The initial library, termed S0 (where S stands for sort, and the number indicates the sort phase), was subjected to a round of expression enrichment based on c-Myc detection to yield the S1 library (Figure 2A, left plot). Subsequent rounds of affinity/stability maturation employed the ‘triple staining’ protocol. In sorting rounds S3, S4, and S5, diagonal sorting gates were used to select cell populations; this approach allowed binding normalization versus expression in real-time during the flow-cytometric sorting process, thereby dramatically decreasing bias of the expression level (i.e., the avidity effect) (Figure 2A).

Figure 2. Identification of APPI clones with improved resistance to cleavage.

(A) Stability maturation of the APPI library. FACS of single or dual-labeled cell populations for expression (S0 and S1) or both expression and binding (S1 to S5). The expressed population of APPI variants was sorted (S0), and the expression of the library was tested after enrichment (S1). Next, each cycle of stability maturation (S2 to S5) was performed with elevated concentrations of active mesotrypsin (as noted in the upper right quadrant of each plot) and a fixed concentration of inactive mesotrypsin (2 μM). Sorting gates are marked in red. (B) ‘Triple staining’ and (C) ‘double staining’ analysis of cell populations from library maturation cycles. (D) ‘Double staining’ analysis of cells expressing M17G, I18F, F34V and combination variants. A leftward shift in the sigmoid shape indicates a higher affinity, whereas a higher binding signal under saturating conditions indicates higher proteolytic stability. In panels B–D, the Y-axis represents mean fluorescence intensity normalization of binding to expression. Data was analyzed using KaleidaGraph software, with a sigmoidal curve fit. For all panels, the surface expression of APPI was detected by using a primary antibody against the C-terminal c-Myc tag and a PE-labeled secondary antibody, while binding to APPI was detected by biotinylated mesotrypsin and FITC-labeled streptavidin.

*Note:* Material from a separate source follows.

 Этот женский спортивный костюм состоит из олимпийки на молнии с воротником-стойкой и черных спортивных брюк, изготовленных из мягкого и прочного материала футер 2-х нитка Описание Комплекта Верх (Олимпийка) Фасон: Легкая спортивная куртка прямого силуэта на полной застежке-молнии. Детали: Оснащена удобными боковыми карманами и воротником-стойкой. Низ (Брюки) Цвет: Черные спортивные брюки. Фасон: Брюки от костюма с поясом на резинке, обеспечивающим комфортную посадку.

‘Triple staining’ analysis of cells displaying APPI_WT and cell populations from the library maturation cycles (S1 to S5) showed that the more advanced the sort, the higher the stability and affinity of the mutant library for mesotrypsin (Figure 2B). Remarkably, the S5 pool showed high tolerance to the proteolytic activity of mesotrypsin at all enzyme concentrations used. We then determined whether it would be possible to detect the binding interaction between active mesotrypsin and each of the sort generation clone pools (as was done with bovine trypsin). Indeed, ‘double staining’ analysis with FITC-labeled active mesotrypsin showed high binding in pools derived from the advanced sorting rounds (S4 and S5; Figure 2C). These results suggest a high representation of proteolytically resistant APPI variants in the S5 pool of stability-matured variants.

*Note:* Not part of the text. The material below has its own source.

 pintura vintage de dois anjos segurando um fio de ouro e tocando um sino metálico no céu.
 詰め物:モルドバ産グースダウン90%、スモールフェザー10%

Identification of surface displayed APPI clones with improved mesotrypsin affinity and resistance to cleavage

DNA sequencing of 37 randomly selected APPI clones from S5 showed three repeating mutations, M17A, I18F, and F34V, along with a number of unique mutations (Table S1). In a previous rational mutagenesis study, we had identified M17A as a mutation mediating improved mesotrypsin affinity and resistance to cleavage and had also found that Gly at the same position conferred an even greater improvement [29]. Accordingly, we chose M17G to replace M17A for subsequent analysis of single and composite mutants.

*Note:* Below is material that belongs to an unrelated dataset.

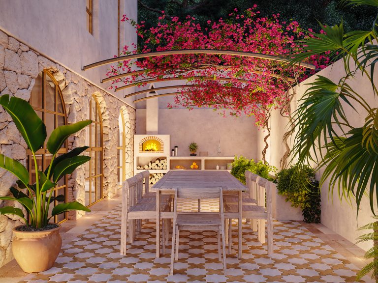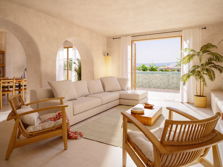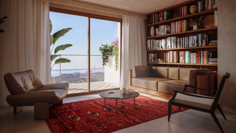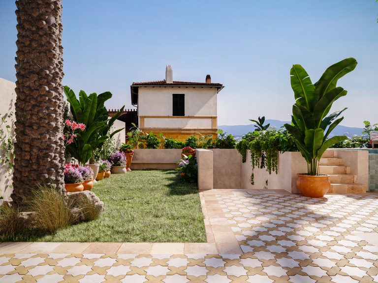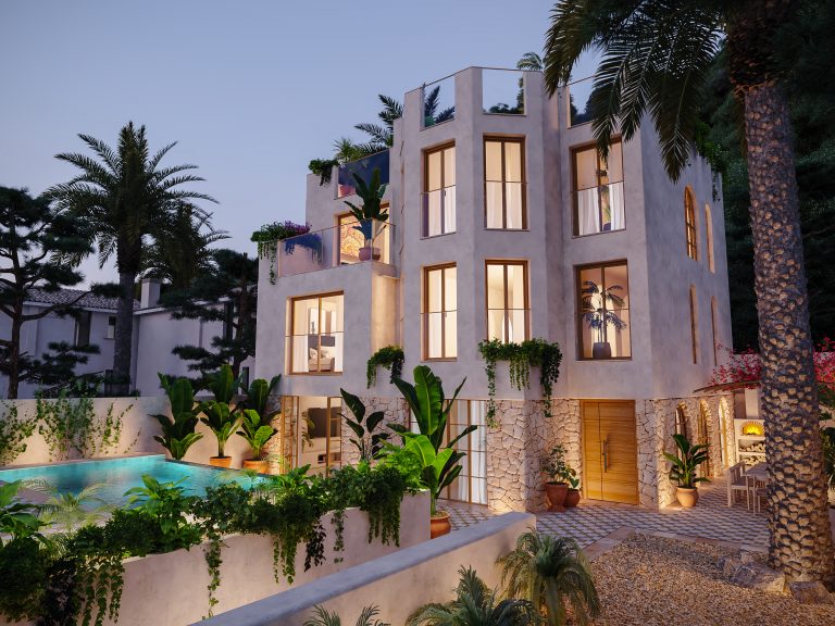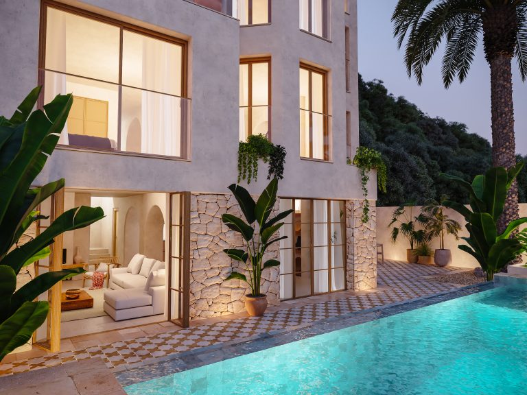 Die Marrakesh-inspirierte Villa befindet sich in der besten Straße von El Terreno, dem aufstrebendem Künstler-Viertel mit Blick auf das Meer, den Hafen und den Schlosspark. Die erhöhte Lage grenzt direkt an den ikonischen Bellver-Schlosspark und bietet Ruhe sowie grüne Umgebung, während das Zentrum von Palma nur wenige Minuten zu Fuss entfernt ist.

Staining of the individual YSD clones with active mesotrypsin showed that M17G and I18F exhibited high binding affinity and proteolytic stability, whereas F34V had only marginally enhanced binding affinity and stability vs. APPI_WT (Figure 2D). The three mutations are spatially close to each other in the three-dimensional structure of APPI and may be expected to interact physically. To better understand the potential functional interactions between the mutations, we investigated the effect of all possible combinations (Figure 2D), which allowed us to assess additive, cooperative (beneficial dependence), or uncooperative (harmful dependence) interactions between mutations with respect to affinity and proteolytic resistance. Importantly, the results imply an additive or cooperative effect, in which the triple mutant showed remarkably higher binding affinity and proteolytic stability than the other combinations.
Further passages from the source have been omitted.